I hope to save people in the seacoast area some trouble. There's a Nashua N18 (the smallest one they made) for sale in Eliot Maine. It's listed as "Large Nashua" "When 1/4" steel was used" and having "Great heat output". I didn't really need one, but since it was so close to where I live, I thought it would be fun to check out. If you're looking for a stove, don't bother with this one. 

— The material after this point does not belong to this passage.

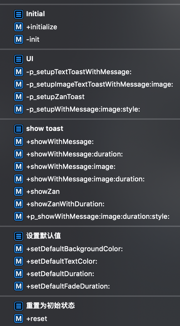 我一般只会在封装比较通用的库时才给私有方法加前缀,比如说我封装了一个toast(地址:github.com/CaiWanFeng/…,强行推广一波哈哈哈),公有方法不少:

Before heading over, I asked the guy if it had any cracks or was warped etc. He said it was in great condition. No cracks or warping. He just got another stove and wanted to get rid of this one. Great! Let's check it out. Upon arriving, and seeing the stove from 10 feet, I knew otherwise. The top was deeply pitted and the whole stove had a nice thick and fresh coat of stove paint.

He then showed me a box of new stove bricks. He had taken out the old ones and "hadn't gotten around to putting in the new ones". As he was showing them to me he said that he spoke to the manufacturer to make sure that they were the correct ones. I said "You spoke to the manufacturer?" he replied "Yup" I responded "How'd you do that? They've been out of business since the 80's." He tried to cover his tracks by saying he went on the internet.

Now comes the killing blow. He had the stove in his garage conveniently turned so the light was behind it. Looking inside was impossible... unless you happened to bring a small flashlight  When I pulled it out, I saw the look on his face change. Peering inside revealed that the stove has a a 3 inch hole burned right through the baffle right into the heat exchanger/manifold. Because of the way these stoves are designed, this would be almost like burning a stove that had a 3 inch hole in the top. The sale also included the blower. With the hole in the manifold, can anyone say unforgiving, burn your house down FORGE? The thought is scary.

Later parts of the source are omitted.